E L I A S

I

LEZAMA (ALAVA), VERANO DE 1463

Elías de Aldama nació la misma noche en que asaetearon a Sancho Aguirre en el puente de Areta. Los asesinos, amparados en la oscuridad, pasaron al galope por las afueras de Llodio y se perdieron en los bosques de Okendo. El herido sólo pudo arrastrarse unos metros sobre la piedra del puente, resbalando sobre su propia sangre, antes de balbucear Favor, favor... y estrellar la cara contra el suelo. Sus ojos quedaron abiertos. De haber tenido vida hubieran visto a lo lejos, hacia las tierras de Urkabustaitz, la tormenta que llegaba del sur.

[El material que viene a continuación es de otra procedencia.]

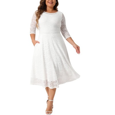 Roaman's Plus-Size 3/4 Sleeve Boatneck Lace Swing Dress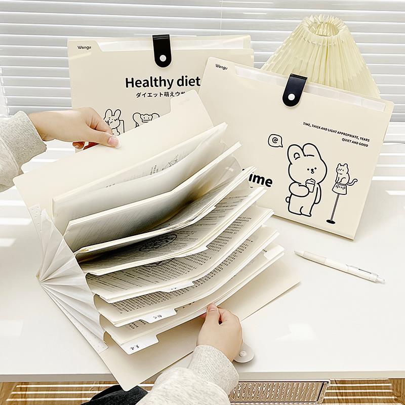 高中生a4手提式可爱风琴文件夹试卷收纳袋子学科文件袋小学生高颜值多层科目分类书夹风琴包插页透明整理神器

Las tormentas en aquella época del año eran cortas e imprevistas. Los viejos las olían con horas de antelación, pero aun así a veces pasaban lentas y amenazadoras sobre los campos sin soltar una gota de agua o se presentaban cargadas de granizo antes de que nadie se diera cuenta. La tormenta de aquel anochecer, sin embargo, se había estado anunciando con inusitada antelación, con desconocida tranquilidad. Juan de Aldama, a los primeros relámpagos sobre los montes que conformaban el valle, apoyó el rastro en el suelo y anunció:

—Viene tormenta por la meseta.

La mujer le miró sin dejar de rastrear. Llevaba rato sintiéndose mal, pero sabía lo que urgía acabar ese día la labor y ahora, con el aviso de tormenta, aún más; sintió los cabellos empapados bajo la toca y de buena gana se hubiera sentado a reposar la espalda contra el carro, pero las campanas de la parroquia de San Martín hacía poco que habían tocado vísperas y los últimos rayos rojizos de sol de aquel caluroso día agonizaban tras las colinas, por lo que no faltaría mucho para que el hombre decidiera poner fin a la tarea y emprender el camino de regreso. Sin embargo, de pronto, la barriga le pesó demasiado y sintió que la criatura se movía dentro de sus entrañas como un animal acorralado. Soltó el rastro y se arrodilló.

—Madre, ¿qué te pasa?

Al oír el grito de su hija, Juan de Aldama y su hijo volvieron la cabeza y descubrieron a la mujer de rodillas con los brazos cruzados sujetándose el vientre. Corrieron hacia ella y el hombre, arrodillándose, la tomó de los hombros con el fin de verle la cara.

—María, ¿qué pasa?

A pesar de sus esfuerzos por controlarse, la mujer sólo pudo presentar un rostro cubierto de sudor y una mirada dolorida y suplicante. Cerró de nuevo los ojos.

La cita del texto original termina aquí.